Example 5 — Fanout asymmetry with > 20 data nodes (Q1 case 7)
Same query over a 25-node fanout. 3 nodes returned errors; 5 returned zero rows.
distributed-liaison-0
└── broadcast-agg node_count=25 response_count=22 broadcast_timeout_ms=15000
├── data-n3 error_msg="dial tcp: …"
├── data-n7 error_msg="context deadline exceeded"

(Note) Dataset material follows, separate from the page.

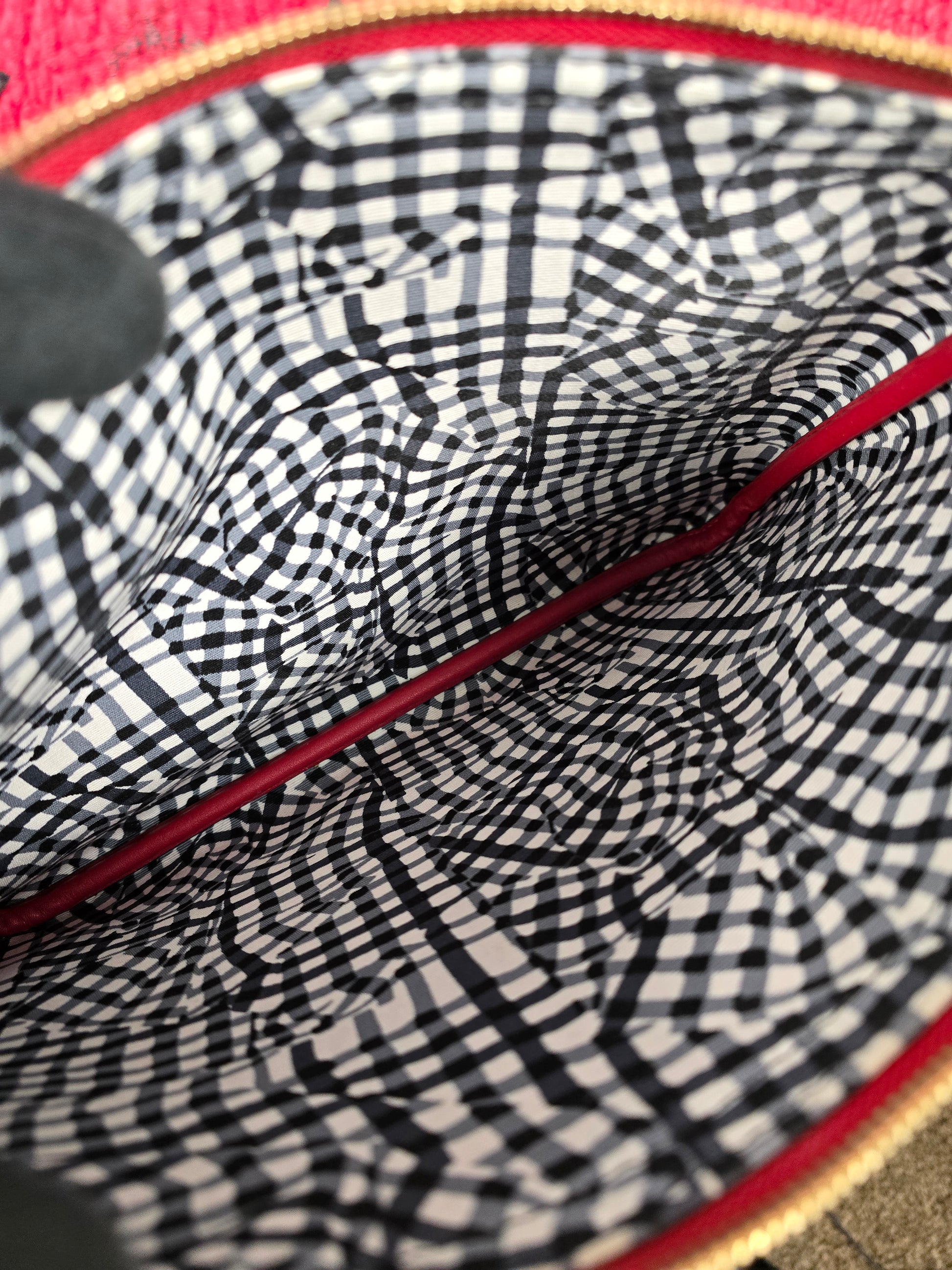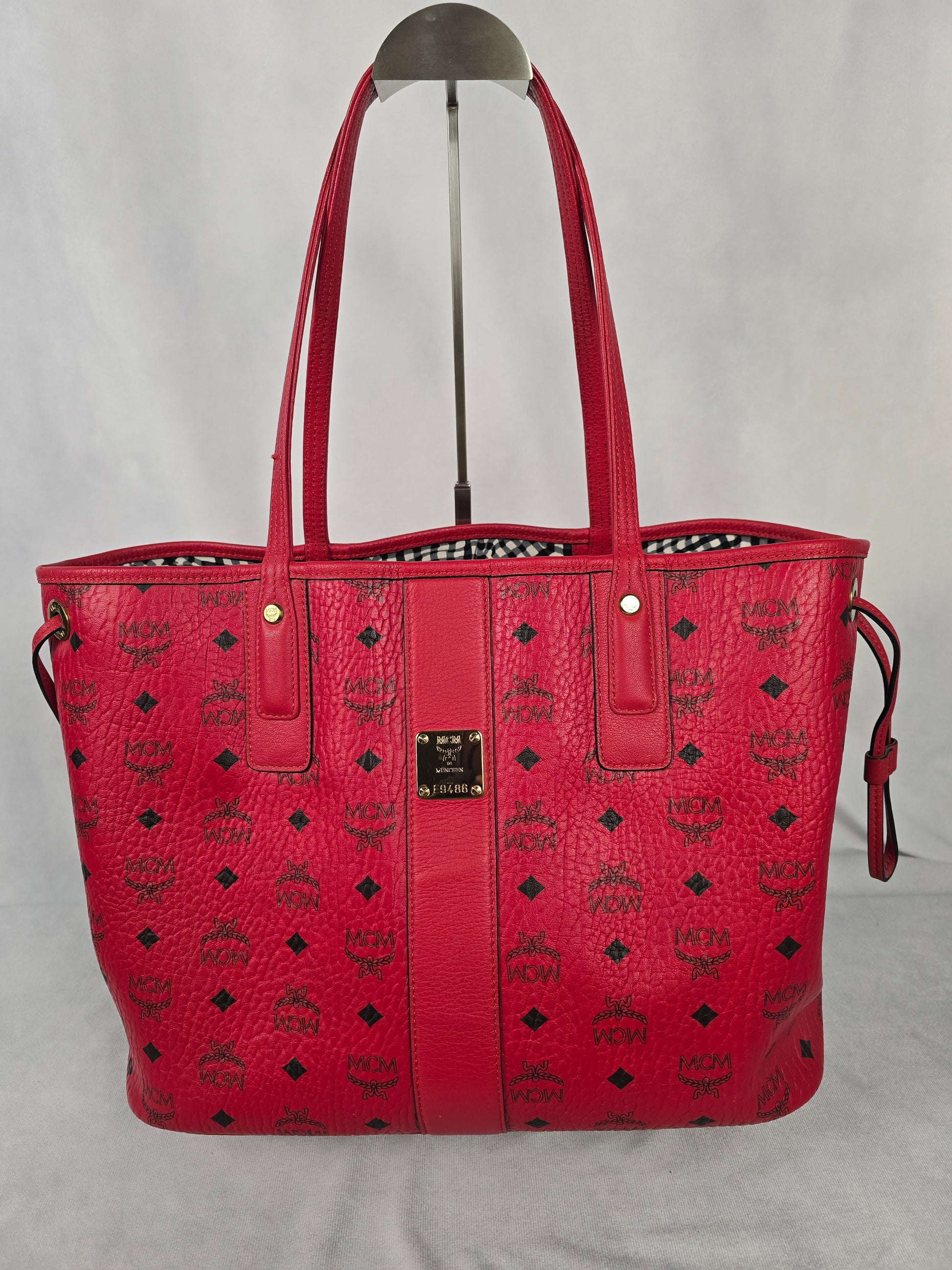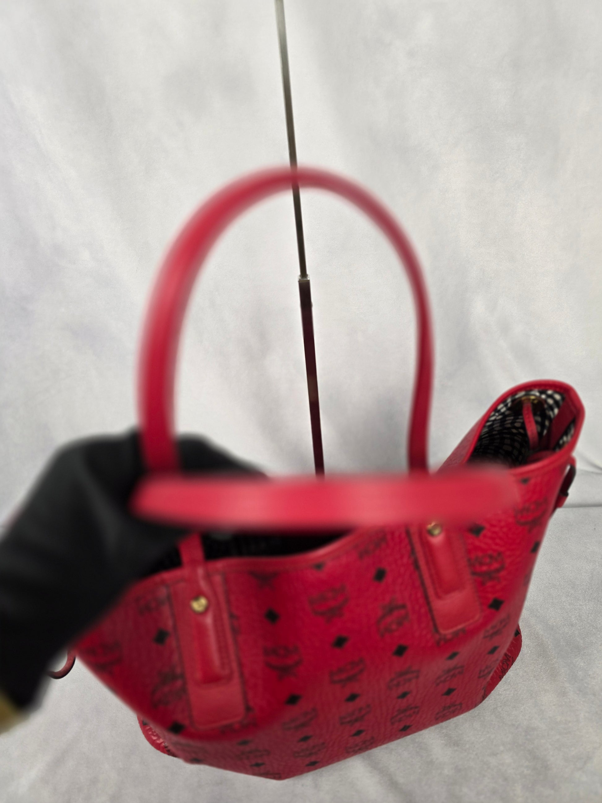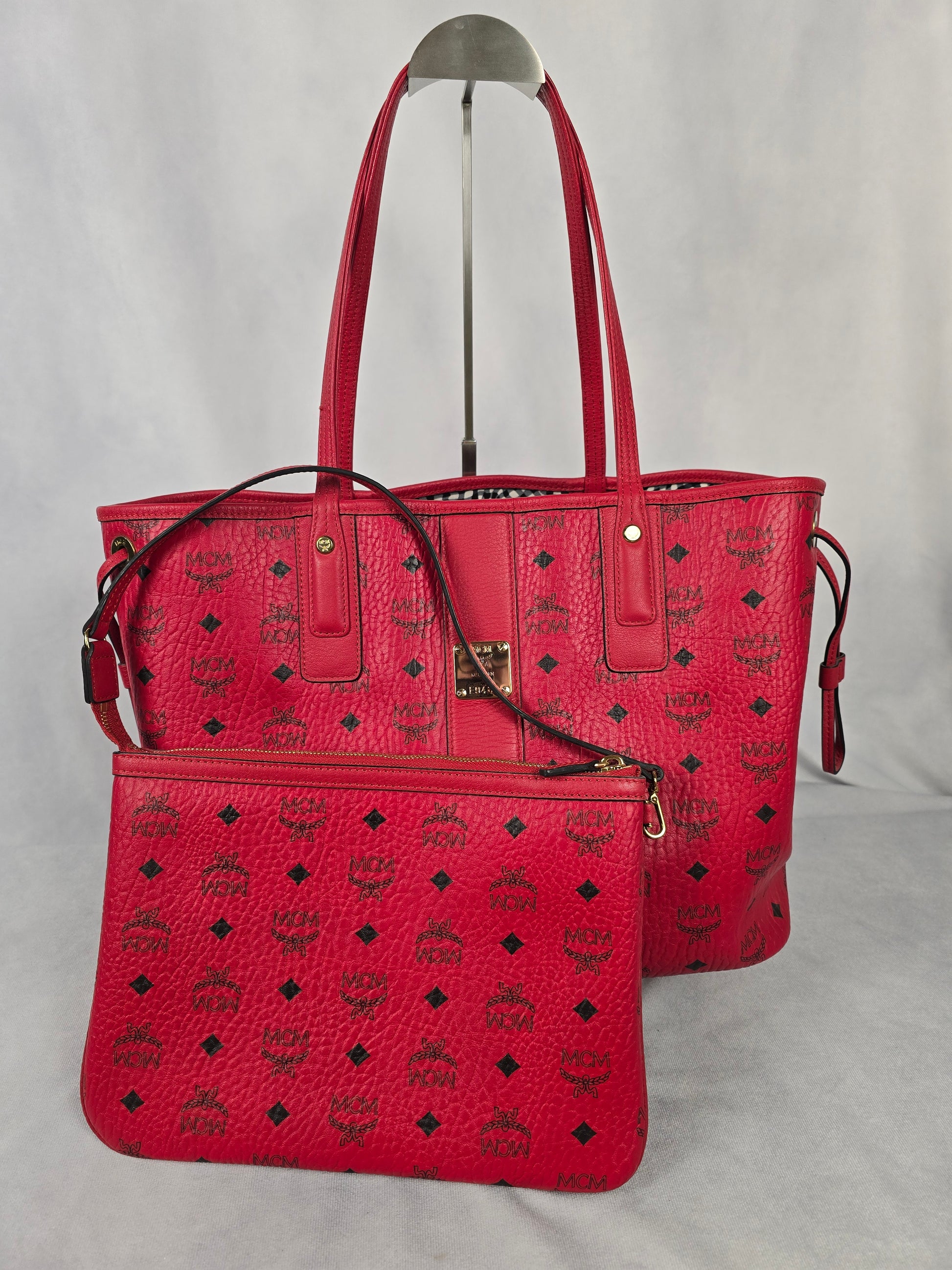 MCM red Liz reversible tote and its matching zip pouch offers two looks in one. Features the reversible design, top handles, drawstring closure on the sides and protective feet at the base. The zip pouch can be used as a standalone small bag. In very good condition.

├── data-n12 error_msg="dial tcp: …"
├── data-n4 rows_out=0
├── data-n5 rows_out=0
├── … (14 more individual children, ordered by descending latency)
└── data-summary
aggregated_data_node_spans=6
nodes_with_errors=0 nodes_with_zero_rows=0
total_rows_across_nodes=18420 total_bytes_across_nodes=921600
node_latency_ns_p50=42_000_000 p95=58_000_000 p99=61_000_000
node_latency_ns_min=11_000_000 node_latency_ns_max=63_000_000
Reading it: node_count - response_count = 3 indicates three nodes never responded (the three with error_msg). The fanout summary span captures the lower-latency 6 healthy nodes that didn’t get individual slots — their aggregate is in total_rows_across_nodes and the percentiles. If nodes_with_zero_rows on data-summary is non-zero, a healthy-looking node was actually empty — a likely indicator of stage / segment misrouting.
Example 6 — Performance bottleneck identification (Q2)
Same query, all nodes healthy, but the user reports slow query.
distributed-liaison-0 (812ms) ← total
├── broadcast-agg (47ms)
│ └── data-n1 / n2 / n3 (peak 31ms)
├── reduce-raw-frames (740ms) ← dominates 16× over peers
│ frames_in=3 rows_out=87432 groups_out=87432
│ agg_value_path=typed
│ memory_charged_bytes=210000000
├── apply-top-to-reduce (12ms)
└── build-iterator (1ms)
Diagnosis: the bottleneck is the span with the largest Duration — here reduce-raw-frames at 740ms. Tags reveal high groups_out=87432 and memory_charged_bytes=210MB, pointing at a high-cardinality GROUP BY. Fix by tightening the time range, adding a more selective filter, or capping with Top.N.
Example 7 — Decode-frame summary at high frame count
When the liaison processes > 19 frames (e.g. a wide fanout returning many partials), per-frame decode spans are summarized:
reduce-raw-frames (95ms) frames_in=100
└── decode-frame-summary
frames_total=100 frames_emitted_individually=0 frames_skipped=100
decode_ns_total=84_000_000 decode_ns_p50=820_000 decode_ns_p99=1_280_000 decode_ns_max=1_910_000
The summary fully represents every frame’s decode duration. decode_ns_p99 ≫ p50 would point at a single slow decode worth investigating; here the distribution is tight, so decode is not the bottleneck.
Wire contract
Under raw wire mode, trace-off responses are still opaque raw frame bytes beginning with RawFrameMagicLeadingByte. Trace-on responses use the existing measure.v1.InternalQueryResponse envelope with raw_frame_body and trace populated. Proto data_points responses under raw mode are rejected loudly by the vectorized collector.